One of my favorite pastimes on the weekend is to listen to financial radio shows as I'm working on projects. Everyone who has one of these shows is trying to sell the listeners something-- financial planning, investment advice, money management, etc. One show in particular caught my attention. The host, as expected, was very confident, had an investment "vision" for the next 3 - 5 years of what sectors/countries would excel and which ones would lag, and touted wonderful results from implemented the advice. Since truth in advertising is hard to come by in the investment community, I decided to do some research.

This radio personality occasionally mentioned a set of mutual funds she ran. I was able to locate them on Morningstar and get some raw information on expenses and performance. Boy was I surprised! These funds carried a 5.75% load. Ouch! They also levied 1.75 yearly expense ratio. So just to break even on the initial investment, the funds would have to return 8.1%. But wait..... that is not all. These funds were actually funds of funds investing in ETFs which incurred their own expenses. The ETF expenses ranged from a low of .40% to a high of .95%. So the effective expense rate of these funds is really around 2.25-2.45%.

But wait...... that's not all. To compensate for this kind of expense structure, these funds should be shooting the lights out on performance, right? Though heavily weighted toward commodities with precious metals ETFs and oil futures ETFs, not to mention shorting the S&P 500 while going long on the Peru and Vietnam stock markets, a $10,000 investment in these funds at inception (approximately a year ago) is now worth in the neighborhood of $7,000, falling quite short of the benchmarks. In fact, in the Morningstar performance rankings they consistently scored in the high 90's when compared to their peer group (1 is the best score, 99 the worst).

The moral of this story is quite simple: don't mistake confidence for competence. Anyone with money can buy their way into a weekend AM radio show. True investment talent is a rare commodity and takes many years to confirm. Most investment folks on the radio are sales people, not investment geniuses. Investment geniuses would be busy investing the money that keeps rolling in due to their successes, not trolling for new dollars from anonymous people listening on the airwaves. These funds may someday catch up with market returns, but they've set a high hurdled to overcome with their expense structure. The smart investor knows that expense ratios are the most reliable predictor of future results.


  1. The radio is a magnet for shysters. I like the ones pitching equity linked annuities. They have perfected the art of playing to the fears of the elderly and the novice investor.
    Listeners need to check claims. Here is an interesting one

    1. I read the Roth article on Edelman and Vanguard a while back. You'd think a self-professed expert like Edelman would know better than shoot his mouth off like that, especially on something that can be so easily refuted...... but then in his case there's that gigantic ego......

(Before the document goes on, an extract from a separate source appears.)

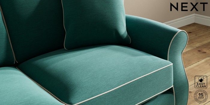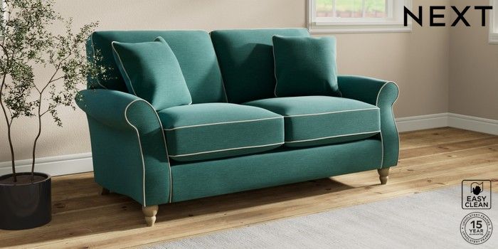 7.3.1 Buy Ashford Relaxed Sit 2 Seater Sofa Fine Chenille with Contrast Dark Juniper Green and Oyster Low Turned - Light from the Next UK online shop Click here to use our accessible website

  2. The problem that I have with so called investment stars. How can one tell the difference between luck and someone with real talent. Its much harder than you would ever think to tell the difference between investment skill or just luck. A perfect example is gold which was trading around two or three hundred dollars an ounce in 2000. If by coincidence I just happened to buy gold early in the year 2000 and at the same time sold all my stocks that I had owned for three decades. I would look like a investment genius. But all I would have to do to achieve that title is make just a few big moves and be right about them all just luck or skill you be the judge.

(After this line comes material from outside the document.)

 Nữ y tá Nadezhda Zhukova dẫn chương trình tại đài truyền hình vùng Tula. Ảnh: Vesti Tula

  3. The problem with investing in general is theirs a contradiction how does one maintain a diversified portfolio but outperform the market Its not possible. The only possible way to out perform the market is to buy things when their at the extremes of extremes. A very simple example of this is buying a narrow sector exchange traded fund or single country fund {Im not talking funds that use leverage or options to get double returns just funds that own the securities and do not use any leverage} thats down by 80 85 90 even 95 percent from its highs so few investors will step up to the plate and do this thats why they fail to outperform the market.